Human Rights Watch today interviewed the sole survivor of a September 26 summary execution of thirteen men by Serbian police.
The witness gave a coherent and credible account of the summary execution which was corroborated by the evidence found at the execution site and the testimony of another witness interviewed by Human Rights Watch on September 29.
Human Rights Watch expressed serious concern today about the safety of the survivor in light of the Serbian police presence in the region, and called upon the international community to take the necessary steps to relocate this important witness to a safe location. Furthermore, the man has a severe and infected gunshot wound on his upper left leg, as well as gunshot wounds on his left arm, and is in need of immediate medical attention. "The survivor is a credible witness to a summary execution, and the ability to bring the perpetrators of this serious war crime to justice hinges on his safety," said Holly Cartner. "The international community must take immediate steps to insure that he is safe and his testimony is preserved."
During an interview today, he told Human Rights Watch that the inhabitants of his village Golubovac in the Drenica region of Kosovo had fled into the nearby forest on Friday morning after Yugoslav forces began shelling around the neighboring village of Cerovik. The villagers spent the night in the forest.
According to the survivor, Serb police sent several elderly ethnic Albanian villagers who had remained in Golubovac to the forest on Saturday morning to tell the civilians taking shelter there that it was safe for them to return home. When they attempted to return, they were then gathered in a field by a group of about thirty or forty police officers, and the men were separated from the women and children. The police initially chose about twenty-five men from the larger group of men, but then narrowed this group down to fourteen men who, according to the survivor, would later be lined up and shot.
The survivor told Human Rights Watch that the fourteen were beaten with fists and rifles and kicked with boots while being questioned by Serb police about ties to the Kosovo Liberation Army (KLA). The process of separating the men and their subsequent interrogation lasted for about two hours. The men were then taken to the road next to the execution site, where they were forced to crouch with their hands behind their backs for an extended period of time.
The survivor told Human Rights Watch that the men were then led into a garden and ordered to lie flat on the ground, face down with their hands behind their backs. They were told that if they identified KLA members in their midst everyone else would be freed. During this time, the survivor reported being beaten on his back with sticks and kicked all over his body. He showed Human Rights Watch deep bruises on his back and buttocks that were consistent with this account. He also described in detail how the men were executed, relating how a single police officer first executed the man lying next to the survivor and then two other men nearby. The police officer then moved up and down the column firing a burst of automatic gunshots at each victim. Several of the men were kicked afterwards and one man was shot again when he displayed signs of life. The witness apparently survived because he was able to feign death when being kicked. The police left the site almost immediately after the execution and the survivor was helped from the scene by local villagers.

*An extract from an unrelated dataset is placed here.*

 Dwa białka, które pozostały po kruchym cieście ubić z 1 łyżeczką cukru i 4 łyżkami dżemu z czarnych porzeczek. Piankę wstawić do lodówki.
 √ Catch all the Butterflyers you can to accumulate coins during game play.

The testimony of the survivor was coherent and credible, and matched the testimony of an earlier witness previously interviewed by Human Rights Watch, as well as the evidence inspected at the execution site on Tuesday. Along a fence within a family compound, Human Rights Watch inspected many pools of fresh blood on Tuesday and found over eighty bullet shells at the spot where the witnesses claimed the policeman fired. The site was also visited by diplomatic observers on Tuesday.
Human Rights Watch is greatly concerned about the health and safety of the sole survivor, who remains in the Drenica region, which is under heavy Serbian police control. Human Rights Watch calls upon the international community to assist the International Criminal Tribunal for the Former Yugoslavia (ICTY) in bringing the survivor to a safe location, and demands that the Yugoslav authorities and police and military forces refrain from any actions that would jeopardize the safety of this important witness.
The violations of humanitarian law being committed in Kosovo fall under the jurisdiction of the ICTY. By taking immediate steps to collect and preserve evidence and witnesses' testimony, the Tribunal will not only increase the chances of ultimately bringing the perpetrators to justice, but also of deterring future abuses. However, time is of the essence if the tribunal is to fulfill its enormous deterrence potential. Much more intense and timely attention to ongoing atrocities are required.
In order for the ICTY to meet this challenge, it must have sufficient capacity and equipment on site to conduct an immediate investigation when allegations of atrocities emerge. Further, its investigators, including forensic experts, must have unimpeded access to the sites of recent abuses. To date, the Yugoslav government has denied entry visas to forensic teams, investigators of the ICTY, and other respected and impartial international organizations in a blatant attempt to prevent international and independent scrutiny of the abuses committed by its forces. Human Rights Watch calls upon the international community to assist the ICTY in developing such urgently needed capacities, and on the Yugoslav government to provide immediate access for the ICTY and its independent forensic experts to carry out investigations into allegations of mass graves and other atrocities in the region.